Scottish actor (1863–1943)

Henry Vibart (25 December 1863 - 30 August 1943) was a Scottish stage and film actor, active from the 1880s until the early 1930s. He appeared in many theatrical roles in the UK and overseas, and featured in over 70 films of the silent era.

==Career==
Vibart's prolific stage career began in 1886. Over the decades worked alongside some of the biggest names of British theatre, and toured extensively in the United States, Australia and New Zealand. Vibart gained a reputation as an exceptionally reliable actor, and it was noted on the occasion of his 10,000th stage appearance in 1923 that he had never once in his career missed a rehearsal or performance through illness or lack of dedication.

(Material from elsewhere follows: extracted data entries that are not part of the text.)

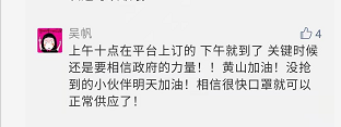 不止宣城邮政。2月3日起黄山邮政也与政府对接,作为政府“网上预约,即时配送”公益服务活动唯一派送单位,向黄山市中心城区居民配送防护口罩。2月3日,首批9800只市民急需的防护口罩朝发夕至,投递到每一位预约群众的手中。为了让公益服务活动切实惠及到每一个预约群众,邮政投递员对所有预约电话都详细确认,实名签收。收到防疫物资的群众纷纷向邮政的投递员竖起了大拇指,地方媒体宣传公益活动的文章下面满是大家对邮政配送速度的点赞。中国邮政在防控疫情的关键时刻,不仅顶得上,更能做得好!
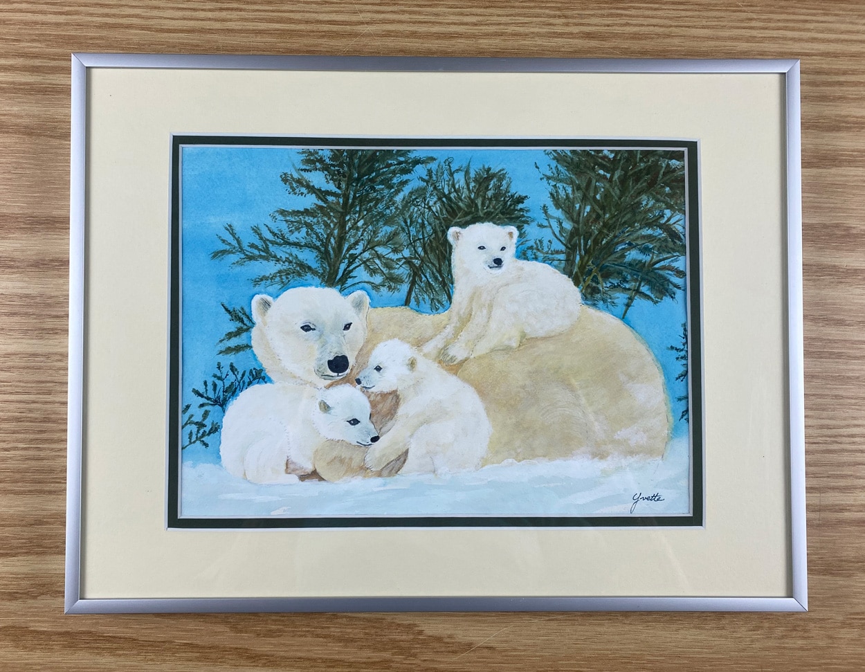 Loss Of Habitat means real hardship ahead for this family of polar bears. Watercolor | 16″ W x 12.25″ H
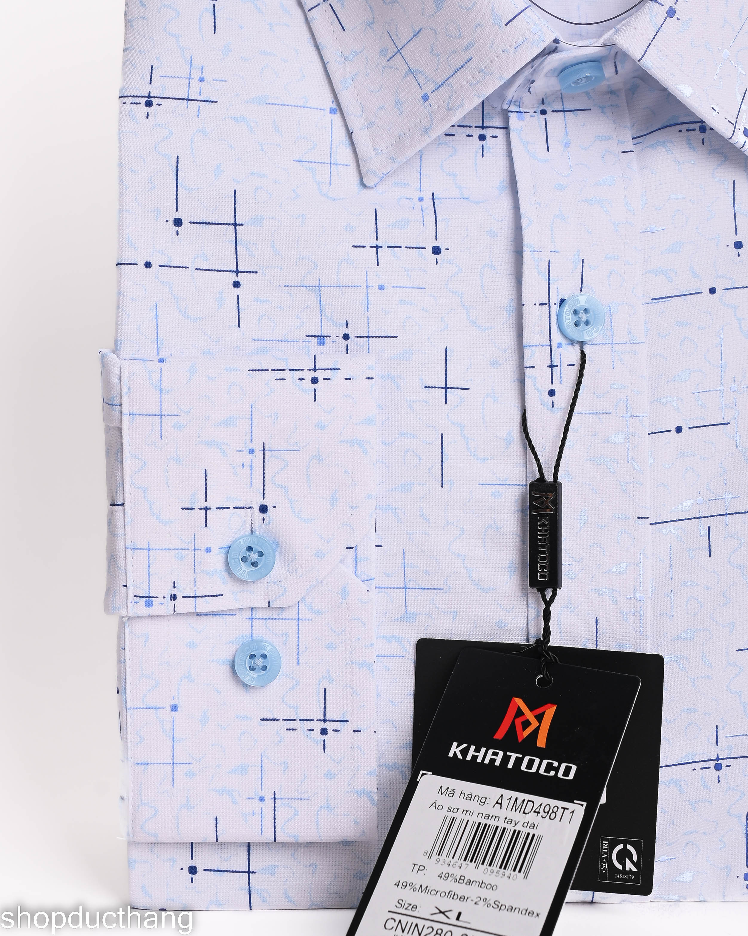 Mô tả sản phẩm – Áo sơ mi nam tay dài Khatoco (Mã A1MD538T1) Chất liệu cao cấp - 49% Polyester: Giữ form tốt, bền màu, ít nhăn. - 49% Viscose (Bamboo): Mềm mại, thoáng
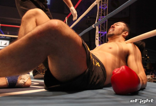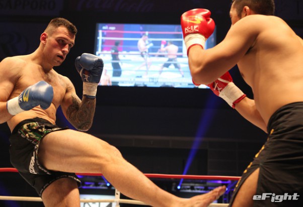 飛びヒザの二段蹴りで上原(右)をKOしたプラチバット(左)
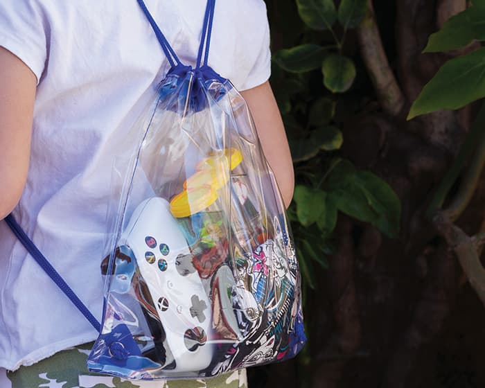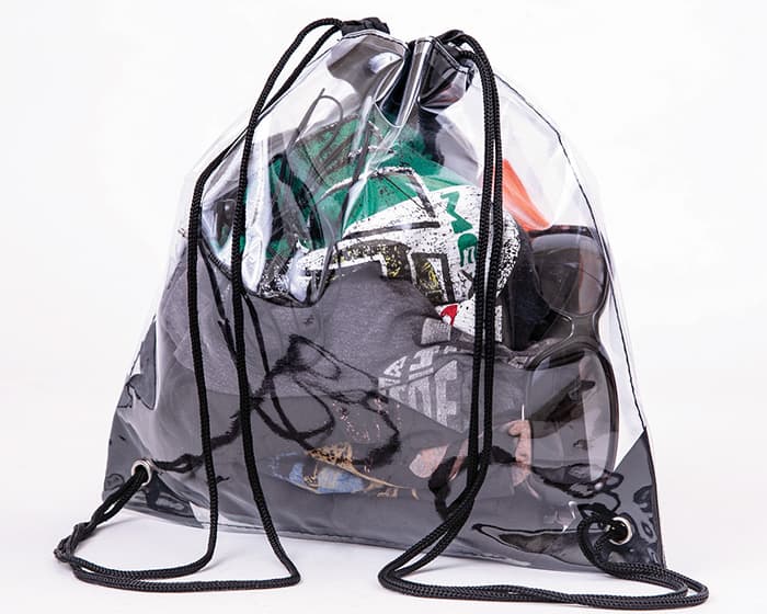 Morral transparente con jaretas y cordón de color.
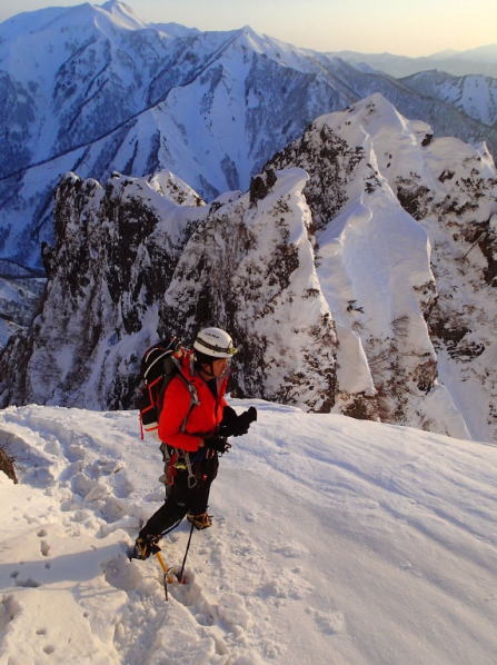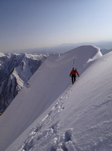 15日 二人共、初谷川岳バリエーションなので、一ノ倉沢まで偵察に行く。 避難小屋に着くと長期滞在されているkさんに話を伺っていると次から次に東尾根途中敗退の方々が入って来られたので、状況を聞く。 中間稜単独敗退の方も居られた。みなさん口々に雪質が悪く、時間も無くなって戻って来たと言っておられた。 第二岩峰あたりまで行ったらしい。中間稜は急斜面に15センチの新雪と、所々にクラックも走っているとの事! 明日は東尾根に決定しました。 16日 2時起き3時駐車場出発。自力で突破してヤる〜と気合が入ります。 避難小屋5時出発〜3パーティー抜いてシンセンのコルで日の出〜第二岩峰直登だと思うが少し悪く感じた。 ここから先も踏み跡が続いており、ありがたい気持ちと第一登を持って行かれた感が交錯する。 二ノ沢側にクライムダウンする所が緊張した。第一岩峰は巻きトレースがあったが、ここまでトレースのおかげで時間が早すぎて、もう終わりって感じだったので直登して遊ぶ。 雪を払いながら登るので、緊張感あって面白い。 最後の雪庇も先行者の素晴らしいラインどりで、難なく通過〜山頂9:30〜西黒尾根下山〜12時半くらいに指導センター着 ここで同じ会のF氏とバッタリ会う!なんと今日の第一登パーティーが知り合いだったとは驚いた 今回の東尾根、全てノーロープで行けたが、日の出前までにどれだけ先に進めるかが重要と感じた。雪質がすぐに悪くなります。 あと、中間稜は今回行かなくて正解だったと思う。東尾根から見たら、キレッキレの悪い雪稜間違いなし、ノートレースでした!古屋さん、良くあんな所行きましたね〜 中間稜は来年なんとしても行きたい!イイ課題見つけました。中村さんいつも休み合わせてもらってありがとうございます。 |

Vibart made his screen debut in 1911, and would appear in dozens of films over the next 20 years. His film appearances were usually in supporting character roles to the younger major cinema stars of the day. From the mid 1910s he became a regular member of the Cecil Hepworth stock company, featuring in many films directed by Hepworth and Henry Edwards until the collapse of the Hepworth studio in 1924. The end of his screen career coincided with the demise of silent films. He made only two sound films before retiring in 1931.

Vibart died in 1943, aged 79.

==Partial filmography==

- Princess Clementina (1911)
- The Baby on the Barge (1915)
- The Nightbirds of London (1915)
- The Golden Pavement (1915)
- The Grand Babylon Hotel (1916)
- Annie Laurie (1916)
- Molly Bawn (1916)
- The Marriage of William Ashe (1916)
- Her Marriage Lines (1917)
- God and the Man (1918)
- Victory and Peace (1918)
- Castle of Dreams (1919)
- City of Beautiful Nonsense (1919)
- John Forrest Finds Himself (1920)
- Judge Not (1920)
- Enchantment (1920)
- The Amazing Quest of Mr. Ernest Bliss (1920)
- A Woman of No Importance (1921)
- The Four Feathers (1921)
- The Bargain (1921)
- Simple Simon (1922)
- The Bohemian Girl (1922)
- A Bill of Divorcement (1922)
- Flames of Passion (1922)
- Weavers of Fortune (1922)
- The Naked Man (1923)
- Woman to Woman (1923)
- Comin' Thro the Rye (1923)
- Boden's Boy (1923)
- The World of Wonderful Reality (1924)
- Who Is the Man? (1924)
- The Great Prince Shan (1924)
- The Prude's Fall (1925)
- Just Suppose (1926)
- The Flame (1926)
- Prince of Tempters (1926)
- The Dancer of Paris (1926)
- The Wilderness Woman (1926)
- Land of Hope and Glory (1927)
- The Nut Job (1927)
- Love's Option (1928)
- High Treason (1929)
- The Flying Squad (1929)
- The Bondman (1929)
- The School for Scandal (1930)
- Stranglehold (1931)
- Potiphar's Wife (1931)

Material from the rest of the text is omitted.